W trakcie wizyty w Estonii minister obrony Niemiec podkreśliła, że nikt nie powinien zbyt nisko oceniać zdolności bojowej sił szybkiego reagowania NATO.
- Oczywiście kwestia szybkości oraz adekwatnej odpowiedzi na potencjalne zagrożenia odgrywa dużą rolę i mogę tylko zarekomendować, by potencjał reagowania NATO nie był niedoceniany. Jest on wysoki - powiedziała Ursula von der Leyen dziennikarzom w Tallinie. - Okazaliśmy konieczną zdolność dostosowania się i jest to także reakcja na szybkie ćwiczenia, jakie widzieliśmy po drugiej stronie granicy - dodała niemiecka minister, przypominając o planach rozbudowy przedsięwzięć obronnych i stworzenia nowych sił szybkiego reagowania NATO w formie tak zwanej szpicy o liczebności 5 tys. żołnierzy.
"Byliby tutaj i zajęliby nas w cztery godziny"

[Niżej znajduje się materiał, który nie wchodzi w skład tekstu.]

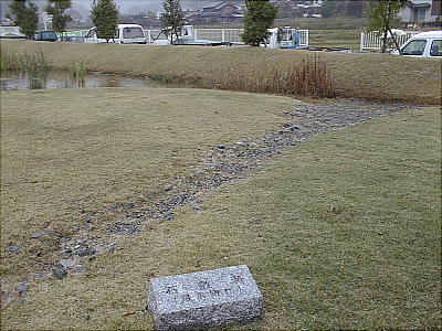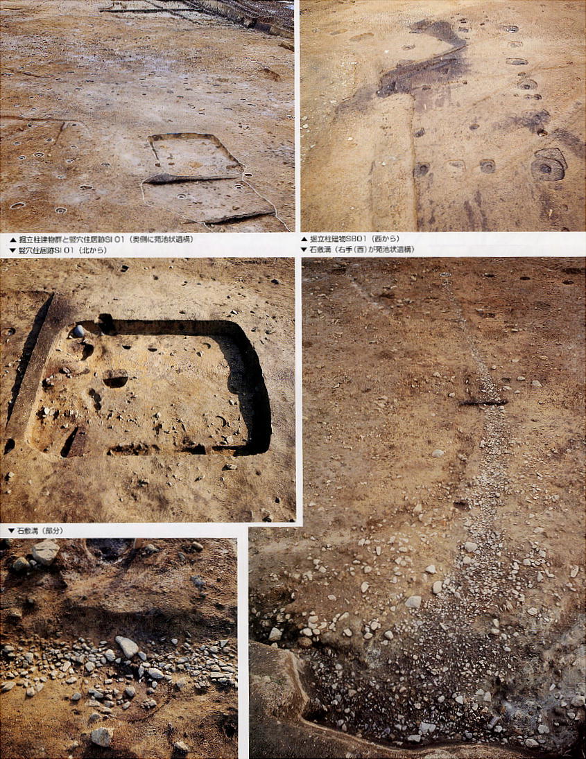 西棟で、中心建物の一つと推定される。また石敷溝は、浅いU字形の溝底に1〜3cm大の小石を敷き詰めている。現存値で、
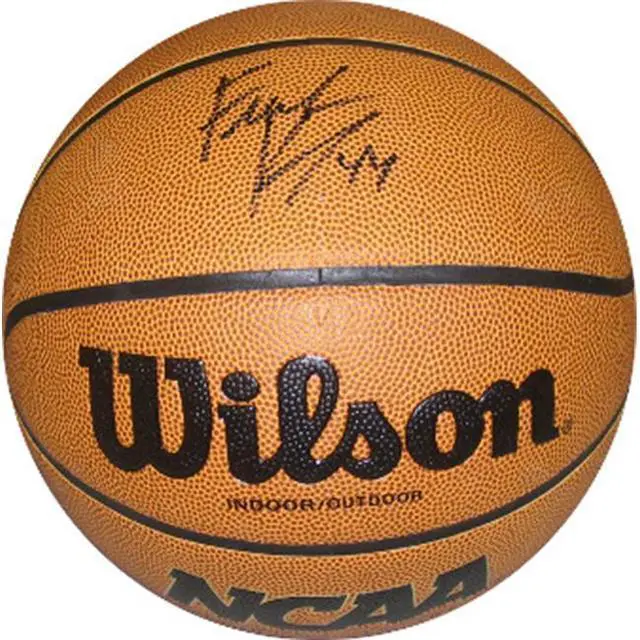 Ahead of the 2014 season Frank Kaminsky was named the Big Ten preseason player of the year. The Badgers were unanimously picked to win the Big Ten Championship. The Badgers ended up winning both the Big Ten regular season and the Big Ten tournament. Kaminsky was named consensus first-team All-American. On March 31, 2015 he was named the National Association of Basketball Coaches Player of the Year. On April 3 he was named Associated Press College Basketball Player of the Year, the first Wisconsin player to receive the award. He also received the Oscar Robertson Trophy as the United States Basketball Writers Association College Player of the Year. On April 5, he was named the Naismith College Player of the Year. On April 10, he won both the John R. Wooden Award and Kareem Abdul-Jabbar Center of the Year award. Frank Kaminsky has hand signed this NCAA Wilson Indoor/Outdoor Basketball. Schwartz Sports Hologram and Certificate of Authenticity from Athlon Sports.
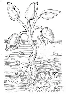 Antes del conocimiento preciso de la migración de las aves, se pensaba que las barnaclas o gansos cariblancos Branta leucopsis, se desarrollaban a partir de estos crustáceos. De ahí proceden los nombres ingleses de "goose barnacle" y "barnacle goose" y el nombre científico Lepas anatifera (Latín anas = "pato"). La confusión surgía de las similitudes en color y forma. Como con frecuencia los percebes se encuentran fijos a la madera flotante se asumía que esta madera procedía de árboles que habían caído al agua. Así lo afirma el monje galés Giraldus Cambrensis en su Topographia Hiberniae.[2]
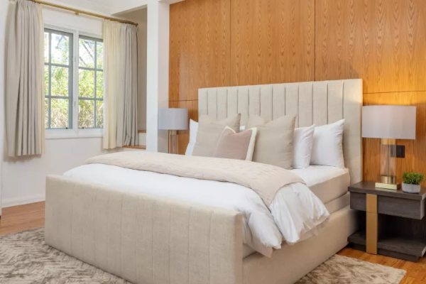 Покрај петте спални соби, главната спална соба му оддава почит на луксузот преку елегантната беж шема на бои и елегантните дрвени облоги што го прават да изгледа како луксузен хотелски апартман.
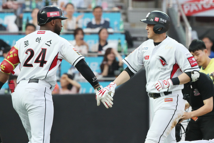 KT는 7회부터 전유수-주권-마무리 이대은이 1이닝을 무실점으로 막아내며 리드를 끝까지 지켜냈다. 지난달 23일 수원 NC전부터 이어온 연승 행진을 6연승(1무 포함)으로 늘려 팀 창단 후 최다 기록을 세웠다. 선발들이 6이닝 이상 제몫을 다해 실점을 최소화하고, 타선이 적재적소에 득점을 내 승리하는 공식이 이날도 들어맞았다. 함께 5위 자리를 넘보던 7위 삼성과의 승차를 2경기로 벌렸고, 이날 광주에서 KIA에게 3-5로 패한 5위 NC와의 격차도 2경기로 좁혔다. 7월 첫 주 가을야구 마지노선인 5위 등극도 기대해볼 수 있게 됐다.

Von der Leyen odpowiedziała w ten sposób na pytanie, jak ocenia niedawny komentarz prezydenta Estonii Toomasa Hendrika Ilvesa, że podczas gdy NATO potrzebowałoby tygodnia na rozmieszczenie wojsk w państwach bałtyckich, to "nasz sąsiad" - czyli Rosja - dowiódł w trakcie ćwiczeń "zasadniczo natychmiastowej" szybkości własnych uderzeń. - Byliby tutaj i zajęliby nas w cztery godziny - powiedział Ilves w opublikowanym w ubiegły weekend wywiadzie dla brytyjskiego dziennika "Daily Telegraph". Szpica NATO nie osiągnie pełnej gotowości operacyjnej przed rokiem 2016 lub nawet 2017, a Sojusz skupia się obecnie na swych istniejących siłach szybkiego reagowania, które w bieżącym roku tworzą kontyngenty z Niemiec, Holandii i Norwegii.
Estończycy chcą na stałe
Po spotkaniu z von der Leyen estoński premier Taavi Roivas wystąpił z postulatem ciągłego stacjonowania w krajach bałtyckich wojsk europejskich państw NATO pod niemieckim dowództwem. - Estonia jest zdania, że mogłaby zaistnieć trwała obecność europejskich sojuszników w Estonii i regionie bałtyckim pod dowództwem Niemiec - powiedział. Zaznaczył, że w obliczu zmienionej sytuacji w dziedzinie bezpieczeństwa w Europie wojska państw europejskich mogłyby stacjonować w krajach bałtyckich obok wojsk USA. Von der Leyen nie skomentowała tego żądania, deklarując tylko, że Estonia może liczyć na solidarność ze strony Niemiec. - Chciałabym państwa przede wszystkim zapewnić, że bardzo poważnie traktujemy troski i świadomość zagrożenia Estonii. Wasze troski są także naszymi troskami - podkreśliła niemiecka minister.